Летом 1898 года, в разгар подготовительной работы, Станиславский уезжает под Харьков в имение брата Андреевку, чтобы там, вдали от репетиционной суеты, сочинить спектакль. Ему надо было придумать мизансцены, составить общий план постановки и по актам высылать свою партитуру в Пушкино Немировичу-Данченко, который в это время усиленно репетировал «Чайку» с актерами. По собственному признанию Станиславского, «это была трудная задача, так как, к стыду своему, я не понимал пьесы. И только во время работы, незаметно для себя я вжился и бессознательно полюбил ее. Таково свойство чеховских пьес. Поддавшись обаянию, хочется вдыхать их аромат.

Скоро из писем я узнал, что А. П. не выдержал и приехал в Москву. Приехал он, вероятно, для того, чтобы следить за репетициями “Чайки”, которые уже начались тогда. Он очень волновался. К моему возвращению его уже не было в Москве»[119].
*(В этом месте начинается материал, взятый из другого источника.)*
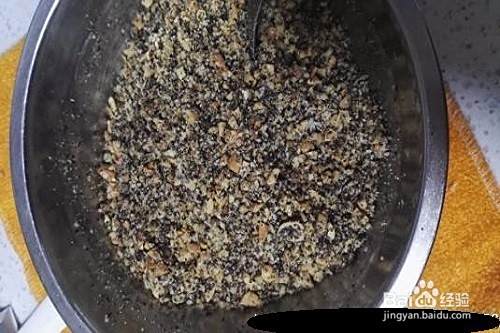 准备一个可以密封的袋子,装入花生、核桃仁,用擀面杖压碎后,装入碗中。

Пока Немирович-Данченко провел десять репетиций «Чайки» в Пушкино, что же конкретно делал Станиславский в Андреевке? Основываясь на подробном анализе стиля, жанра, идеи и системы образов пьесы, предварительно сделанном Немировичем-Данченко, Константин Сергеевич в своем воображении проигрывал будущий спектакль и заносил его на бумагу.
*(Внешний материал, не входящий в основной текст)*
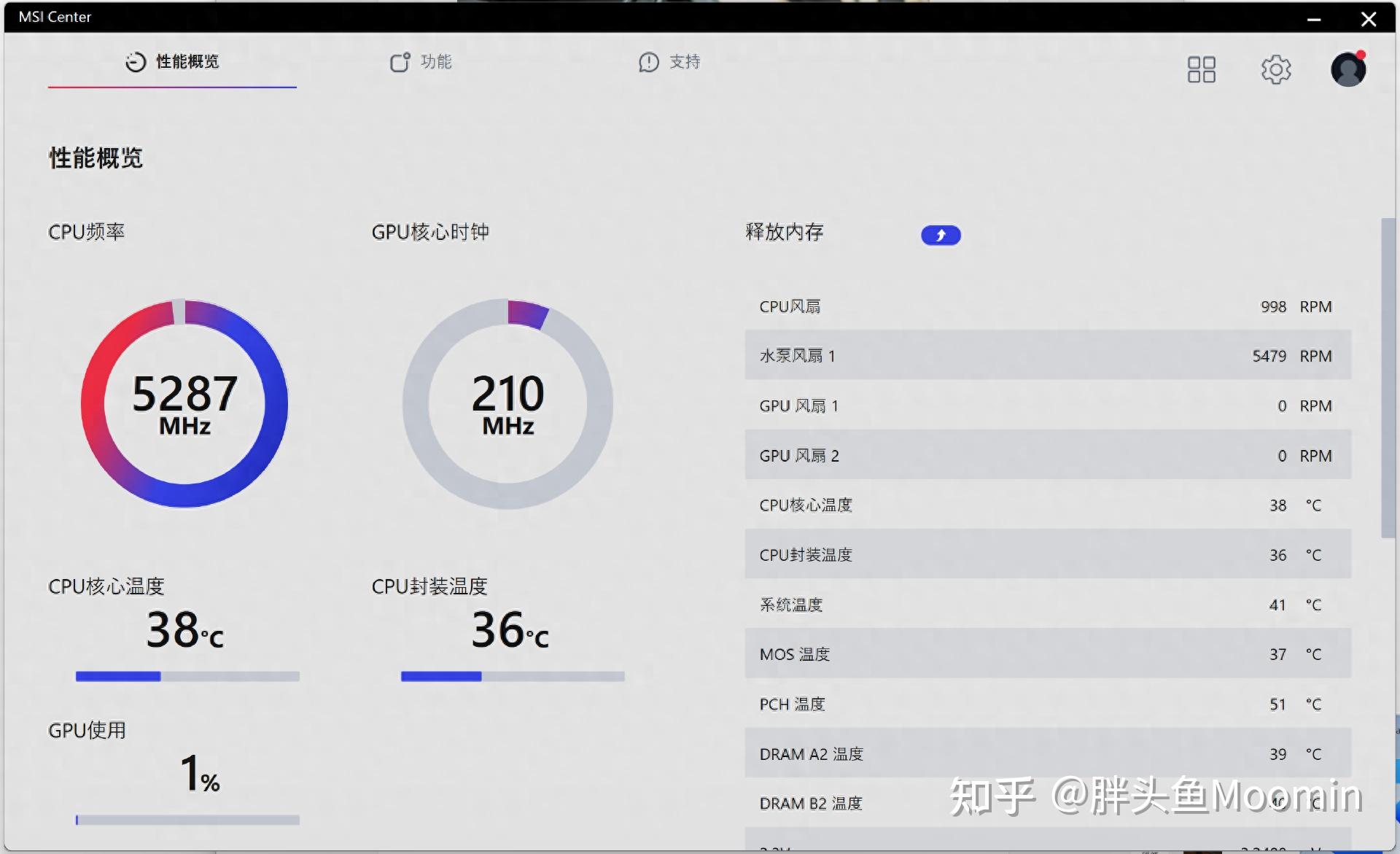因爲是760芯片組帶13700K,我直接在BIOS開啓默頻模式後,FPU溫度可以穩定在63攝氏度。這款TUF破冰手II代的噪音表現令人相當驚訝,在極工作模式下,依然完全聽不到噪音。外置的獨立水泵顯示一直工作在5400RPM,但是基本除了開機偶爾有水聲,其他時候都很安靜。

«Я писал в режиссерском экземпляре все: как, где, каким образом надо понимать роль и указания поэта, — вспоминает Станиславский, — каким голосом говорить, как двигаться и действовать, куда и как переходить. Прилагались особые чертежи для всех мизансцен, уходов, выходов, переходов и проч. и проч. Описывались декорации, костюмы, грим, манеры, походка, приемы, привычки изображаемых лиц и т. д. и т. д. Эту огромную трудную работу мне предстояло проделать с “Чайкой” за какие-нибудь три-четыре недели, и потому я просидел все время на вышке в одной из башен дома, из которой открывался унылый и скучный вид на беспредельную, однообразную степь.

К моему удивлению, работа казалась мне легкой: я видел, чувствовал пьесу.

В ответ на мои посылки я получал из Пушкино похвалы моей работе. Меня удивляло не то, что сам Владимир Иванович хвалит меня, — он был увлечен пьесой и мог пристрастно относиться к моей работе над нею; меня удивляло и радовало то, что сами артисты, которые были против пьесы, писали {190} то же, что и Владимир Иванович. Наконец, я получил сообщение о том, что и сам Чехов, который был на репетиции “Чайки” в Москве, одобрил мою работу»[120].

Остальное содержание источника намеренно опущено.